KFRC's signal advantage was in places that weren't in the SF book back then. The only place they probably had it all over KYA was San Jose at night.
That's how I remember it starting as well. There might have been some disgust in 1985 from old fans of the psychedelic-era Airplane, but Starship had already gone in a far different direction. Musically, "WBTC" was a solid piece of mid-'80s pop. I was 30 when it came out and I liked it, and I don't remember a whole lot of people my age hating it. I don't even remember a whole lot of outrage in the pre-internet media of the time. I'd imagine ivory-tower types like Robert Christgau had little use for the song and probably wrote as much, but worst of all time? Sorry, it just had too much going for it to even be thought of that way back then, IMO.

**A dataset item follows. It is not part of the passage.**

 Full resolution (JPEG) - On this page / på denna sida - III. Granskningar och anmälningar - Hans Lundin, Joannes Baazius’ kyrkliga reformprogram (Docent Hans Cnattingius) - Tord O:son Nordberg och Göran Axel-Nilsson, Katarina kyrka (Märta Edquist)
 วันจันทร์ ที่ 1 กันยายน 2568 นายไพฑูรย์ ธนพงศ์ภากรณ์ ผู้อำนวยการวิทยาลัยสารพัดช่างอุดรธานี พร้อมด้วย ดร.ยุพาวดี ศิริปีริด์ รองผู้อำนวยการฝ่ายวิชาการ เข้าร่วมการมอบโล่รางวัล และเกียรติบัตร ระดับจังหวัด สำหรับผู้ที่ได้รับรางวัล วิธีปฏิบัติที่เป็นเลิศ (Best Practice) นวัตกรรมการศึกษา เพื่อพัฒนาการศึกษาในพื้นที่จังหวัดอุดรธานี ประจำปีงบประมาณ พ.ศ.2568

NO WAY!!! Krth finally got decent ratings
I actually enjoy "Sara" and "Nothing is Gonna Stop Us Now", which are both similar corporate schlock too, but are much better that WBTC.

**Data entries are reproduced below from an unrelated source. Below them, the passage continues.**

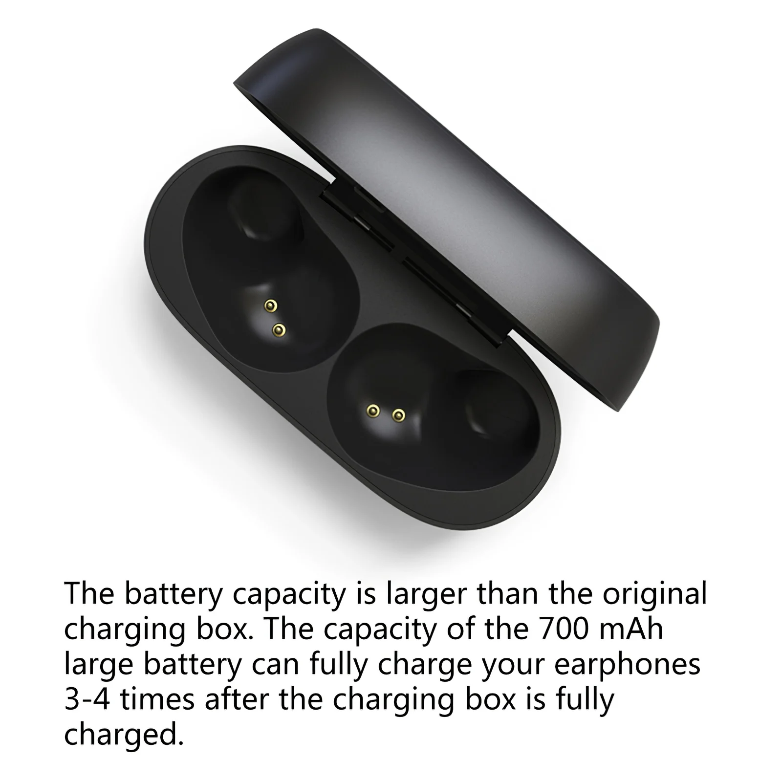 Чехол для зарядки имеет встроенный аккумулятор большой емкости 700 мА, который может заряжать гарнитуру 3-4 раза после полной зарядки.
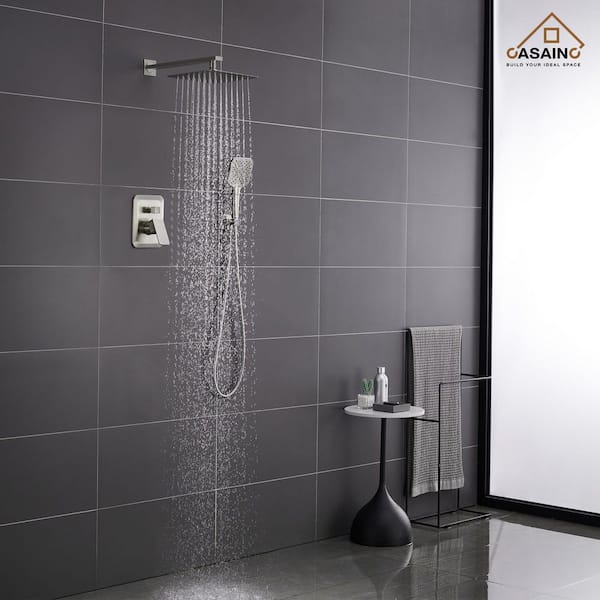 3-Spray Patterns 9.8 in. Wall Mount Dual Shower Heads in Spot Resist Brushed Nickel
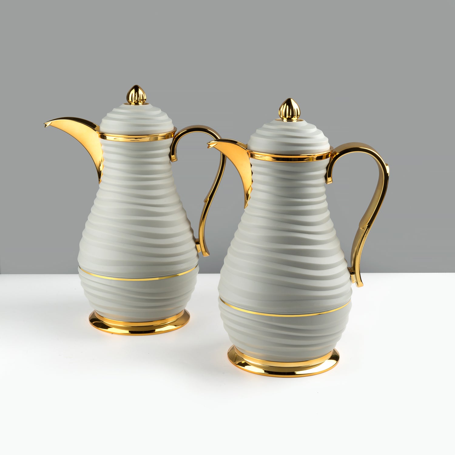 Harmony Flask Sets offer 1L volume and 12+ hour heat preservation. Real gold plating adds elegance to the set, making it an impressive and practical gift for any occasion. Each set comes in a gift box, adding to its appeal. Hand wash only.

At least "We Built this City" rocks a little. My personal Starship song hatred goes to, "If Only You Believe..." Monotonous and repetitive. Grace used to come into my video store in the 80s to rent movies, and I wanted to beat her up (verbally) for that song, but she was a very nice lady...so I didn't.
Before all the interference issues we live with now, KYA's signal wasn't so bad---listenable throughout the South Bay, almost good in Monterey, solid to the east out to the hill that divides Fairfield from Vacaville and north up to Petaluma, and as Semoochie said, Napa.

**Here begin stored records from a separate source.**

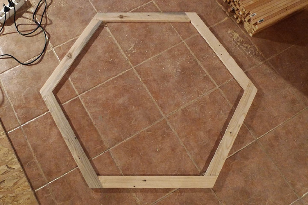 I have an idea for a more creative and inspiring ceiling that just an office type dropceiling. It will involve 7 hexagons. Here is a mock-up I made from an old pallet. We will see how these turn out as even the mock-up is not yet finished.
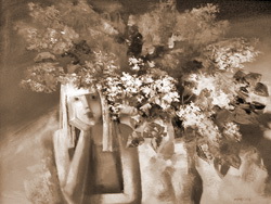 У Игоря Макеева на картинах вокруг женщин не так тесно. Скорее, они предпочитают задумчивое одиночество. Если у Иванюка гротесковые баллады, то у Макеева романтические сказки. Таким сказкам требуется что-то оранжевое, сиреневое… Игорь Макеев таких красок не жалеет. И ещё очень важен свет и воздух – в известной Макееву пропорции. Если воспользоваться термином Иванюка, Макеев предпочитает «аксонометрию оптимизма».
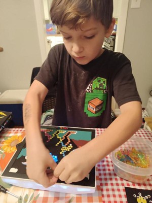 [This review was collected as part of a promotion.] I was so excited to get this for my kids to try, as it brought back memories of when I used it when I was young. I was the first to try, because, well I just couldn't help myself 😆. I am rating this a 4/5. This is because the batter compartment was very hard to unscrew. Along with that, it should be brighter, which my kids agree with. The stand is great, however the pegs are too difficult to stick in and it knocks over. It isn't sturdy enough. I do appreciate that it isn't heavy, but it seems a little bulky. Storage is pretty easy and convenient, as there's also a little baggie to keep the pegs in. There are definitely improvements to be made. My son who is 7 ended up giving up after being so close to finishing the picture. Overall though, my kids do enjoy this and it keeps them busy for a while.
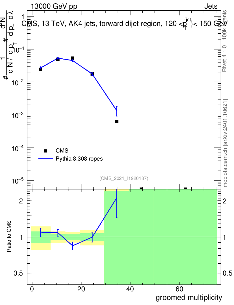Lines: data, pythia8 8.308 ropes |
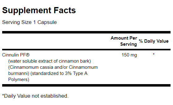 SWANSON Cinnulin PF Cinnamon Extract 150mg. / 120 Caps е хранителна добавка, под формата на капсули, която съдържа висококачествен екстракт от канела.
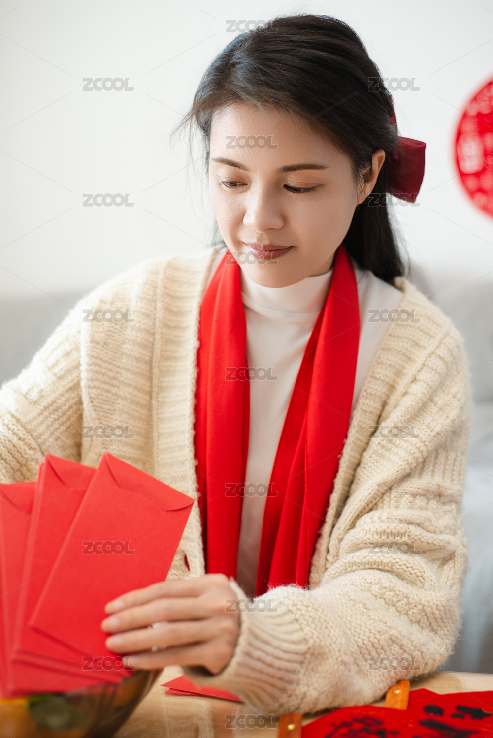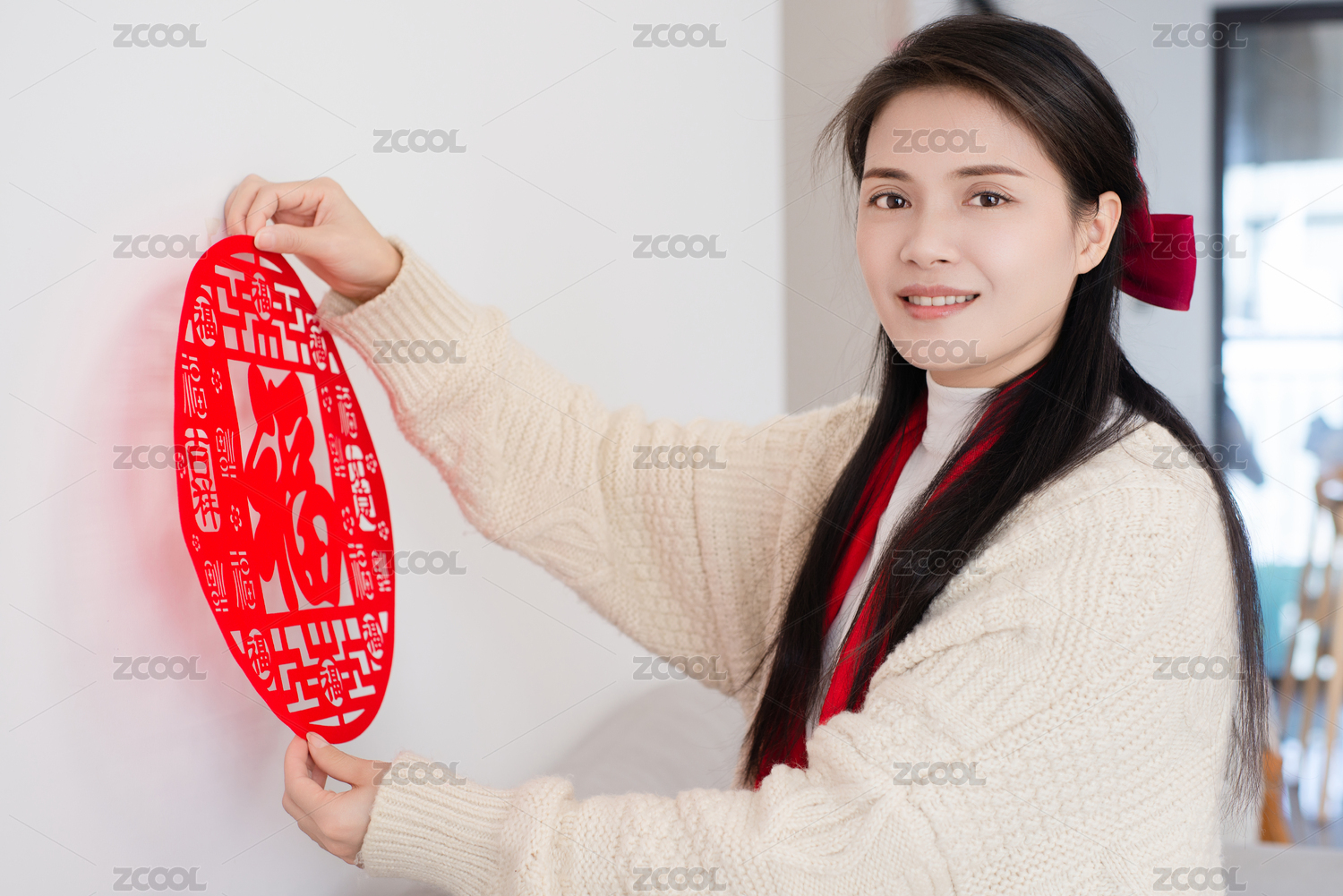 一個(gè)年輕女人在貼紅色福字飾品

KFRC's signal advantage was in places that weren't in the SF book back then. The only place they probably had it all over KYA was San Jose at night.
I know DXing is irrelevant for ratings, but when I'd explore the AM dial from the San Fernando Valley at night in the late 60s, KFRC often came in like a local, but I don't think I ever heard KYA. That's why I didn't get the reason KFRC didn't use the "Boss" terminology until years later when I learned that KYA's slogan had been "The Boss of the Bay." In fact, I've wondered if "B of the B" originated with Drake when he was PD at KYA in the early 60s.
4.8, the same since December '17, 4th place. Stagnant.
For what it's worth, here's the KHJ Boss 30 from April 19, 1967....Humble Harve looking cool on the cover; showing Somebody to Love at #6, up from #18 the previous week. I could hear Casey Kasem's voice in my head as I typed that.
Other "hippie" songs that week - The Flower Children by Marcia Strassman (God - I bet that's the origin of RWM's "strassman" jokes...I never got that before since Welcome Back Kotter was so much later), and Something Stupid by Nancy & Frank Sinatra. Kidding about that last one.
https://93khj.blogspot.com/2008/06/khj-boss-30-april-19-1967.html
Ah, but that was the spring of '67, and Somebody To Love was a smash---peaked at #5 in Billboard.
At least "We Built this City" rocks a little. My personal Starship song hatred goes to, "If Only You Believe..." Monotonous and repetitive. Grace used to come into my video store in the 80s to rent movies, and I wanted to beat her up (verbally) for that song, but she was a very nice lady...so I didn't.
And KYA's signal back then was so much better than KOBY's output up on 1550. So when KOBY sort of fell apart, KYA became the heir apparent.
Ah, but that was the spring of '67, and Somebody To Love was a smash---peaked at #5 in Billboard.
Marcia Strassman, on the other hand, didn't make the Hot 100, but got to #6 at KHJ. Timing was right, though, the spring leading to the Summer of Love.
Llew: Actually, KYA was "The Boss of the Bay" in 1961, the year before Drake arrived. And "Boss" wasn't his idea at KHJ. That goes to Promotions Director Clancy Ismuslund, who tagged it "Boss Radio". PD Ron Jacobs was none too pleased, blurting out "Aw, that s***'s 19-SIXTY, man." But stuff had already been printed and Drake decided to roll with it.